Archivos de la Categoría: Espesantes, gelificantes y emulsionantes

Otra vuelta de tuerca a las manitas de cerdo, esta vez a la plancha y pegadas con transglutaminasa

Pocas veces se me ocurre cómo utilizar transglutaminasa sin crear Frankensteins comestibles como el típico ajedrez de atún y salmón que seguro que muchos habéis visto en internet. Este es uno de los usos con los que más satisfecho estoy porque aquí su función es práctica y no sólo estética, como en el caso del pollo biónico. Además estoy seguro que nadie “sospecharía” de su utilización en la cocina y si excluimos los cubos, el platillo tiene una pinta muy clásica, ¿no?

Una vez hechas las manitas como en la receta anterior  y después de probarlas templadas, me entraron ganas de darles un planchazo, pero, como la gelatina se funde con el calor, a no ser que estuvieran envueltas en, por ejemplo, bacon, se desharían. Y no quería usarlo porque me interesaba que fueran lo menos grasas posibles y que no resultaran pesadas.

Así que fundí un rollito, añadí transgultaminasa GM, monté de nuevo en un rollo y a las pocas horas de nevera se pegaron majestuosamente. Para que no se “agarraran” a la sartén y de paso evitar usar demasiada grasa, las hice a la plancha sobre un papel sulfurizado y las “pinté” con la grasa que soltaron al cocerlas para aumentar aún más su sabor.

Y quedaron perfectas. Ligeras, sin la sensación de pesadez que muchas veces tienen, muy más sabrosas y con ese punto increíble que tienen las manitas cuando se doran. Al final quedan muy gelatinosas, sólo rozarlas con unos palillos produce un movimiento tan gelatinoso que es para morirse de placer. Pero como todo va pegado, la textura no es exactamente la misma, queda un pelín menos fundente.

Y la salsa, la misma que en la receta anterior, es decir, una reducción de su caldo, aquí espesada con un poquitín de xantana.

Nota: para añadir transglutaminasa a las manitas y que se extienda bien por toda la superficie de las piezas es mejor diluirlo primero en agua (1 parte de TG en 4 partes de agua).
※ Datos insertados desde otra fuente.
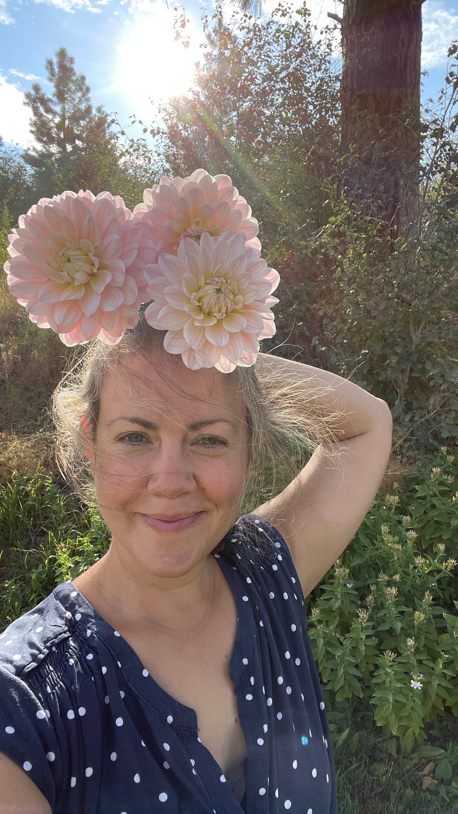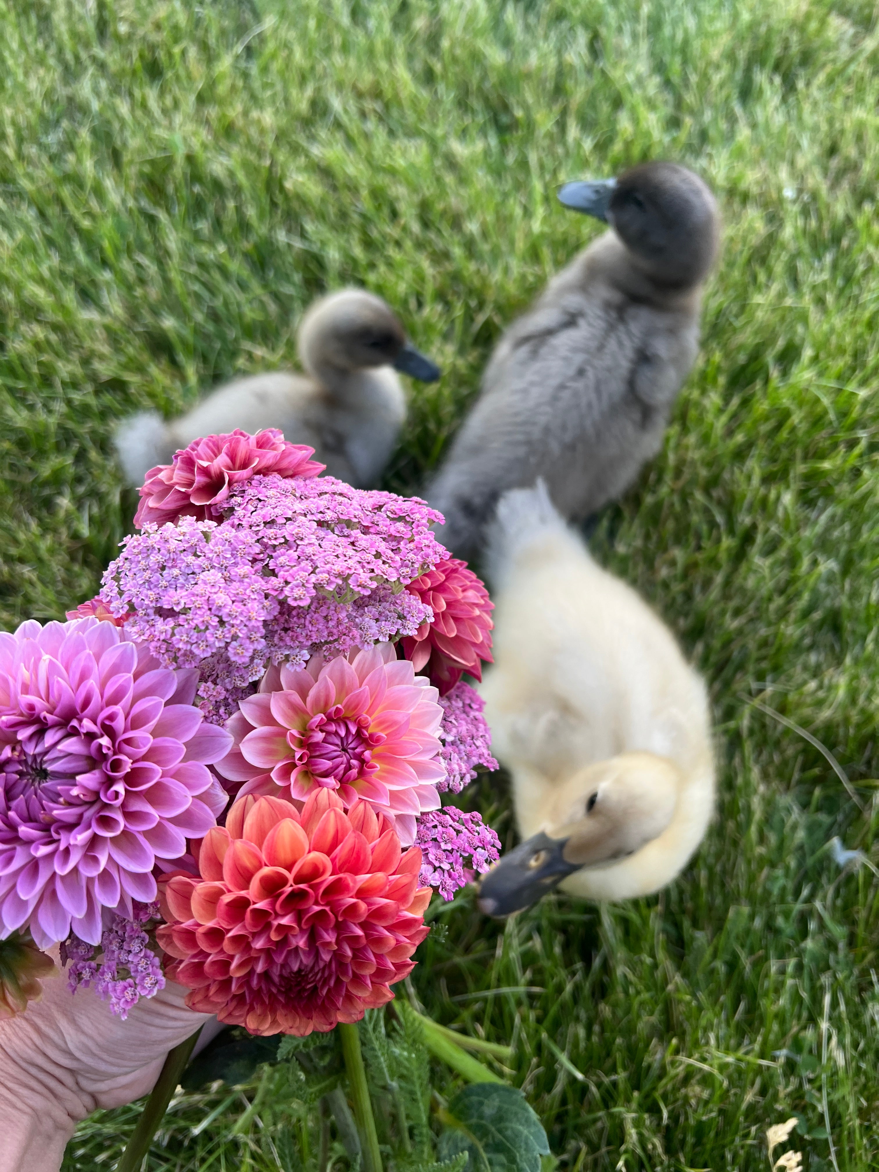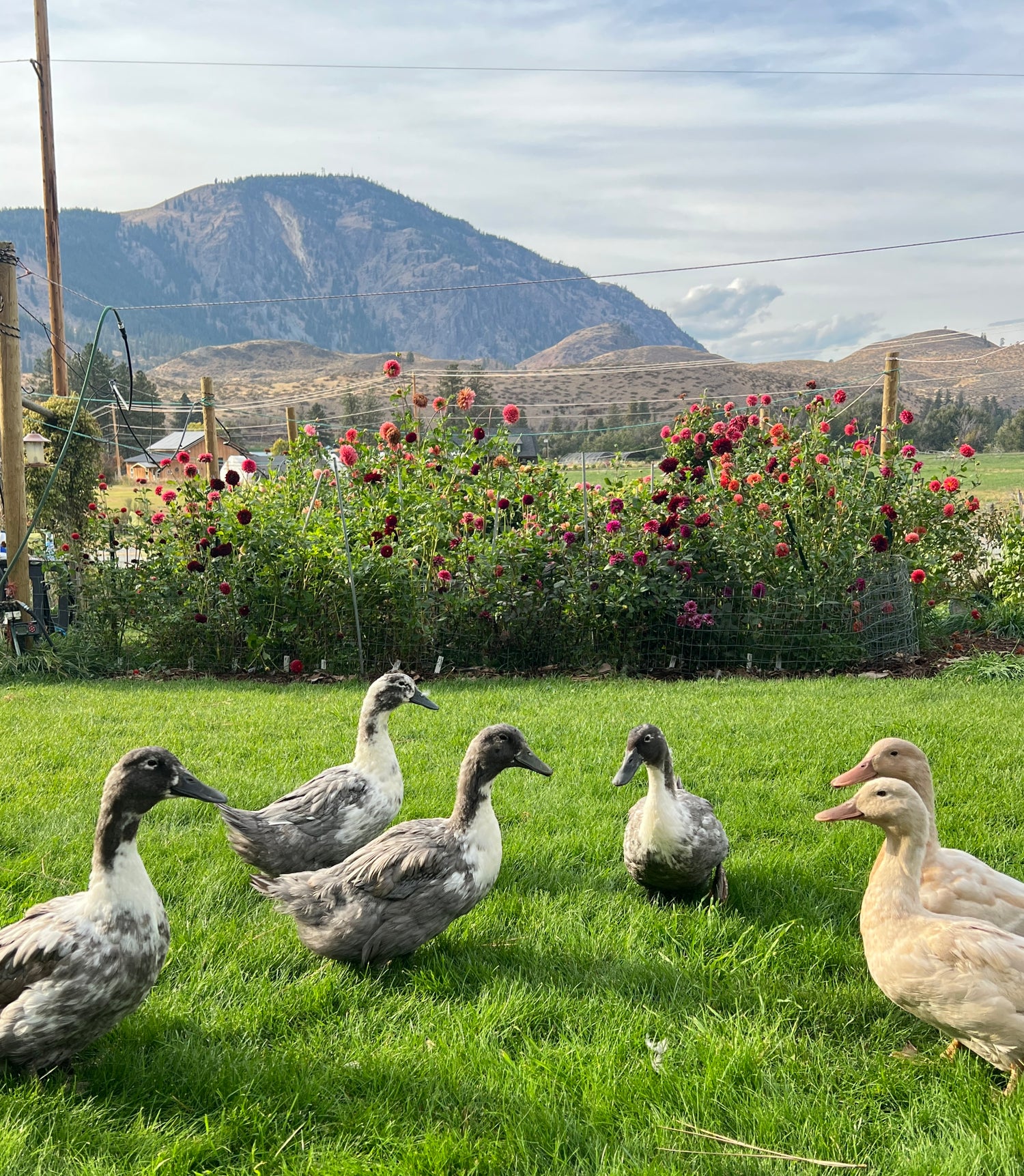 It can be a harsh environment for dahlias, but Mandy is passionate about growing them, and we use plenty of organic nutrients, compost from our duck coop, irrigation and sometimes shade cloth to help ensure our flowers have what it takes to thrive!

Y para darle otro punto con otro tipo de gelatina y algo de acidez, añadí unos cubos de kumquat y miso blanco:

  • Despepita los kumquats, tritura bien, añade un poco de miso hasta obtener el punto de sal deseado y echa un poco de jugo de lima para aumentar la acidez.
  • Cuela y refrigera hasta que la pectina presente en el albedo (la parte blanca de la piel) gelifique. ¿Y por qué kumkuats?: porque es un de los cítricos con un albedo menos amargo que hay, de hecho se comen enteros y además son deliciosos. Y también es la temporada y están a 2.5€ en General Margallo.

Final y presentación: 3 discos de manitas bien dorados por los dos lados, unos cubos de kumquat, salsita y unos brotes de rábano para darle un puntito picante al platillo.

 

Clarificación con agar agar

Hasta ahora casi sólo he publicado sobre clarificaciones de caldos con gelatina, y nunca había contado este proceso, que es aún más fácil.

Este producto se obtiene de un alga que todos conocemos aunque no lo sepamos: son las tiritas transparentes que nos encontramos en las ensaladas en los restaurantes chinos de barrio.

El alga tiene una capacidad de gelatinización tan potente que agar agar significa en malayo gelatina gelatina, reiteración que hace referencia a su fuerza. Se lleva usando durante siglos en el sudeste asiático y Japón para hacer gelatinas que se mantienen cuajadas sin necesidad de refrigeración. Y hace bastante poco – alrededor de 15 años, Ferrán Adriá la descubrió para el público occidental y empezó a hacer gelatinas templadas en El Bulli, cosa que, para su sorpresa, no llamó mucho la atención a sus clientes, que no eran conscientes de que las gelatinas que habían tomado hasta entonces estaban siempre frías. Y, finalmente, el proceso de clarificación con agar lo descubrió Dave Arnold de Cooking Issues.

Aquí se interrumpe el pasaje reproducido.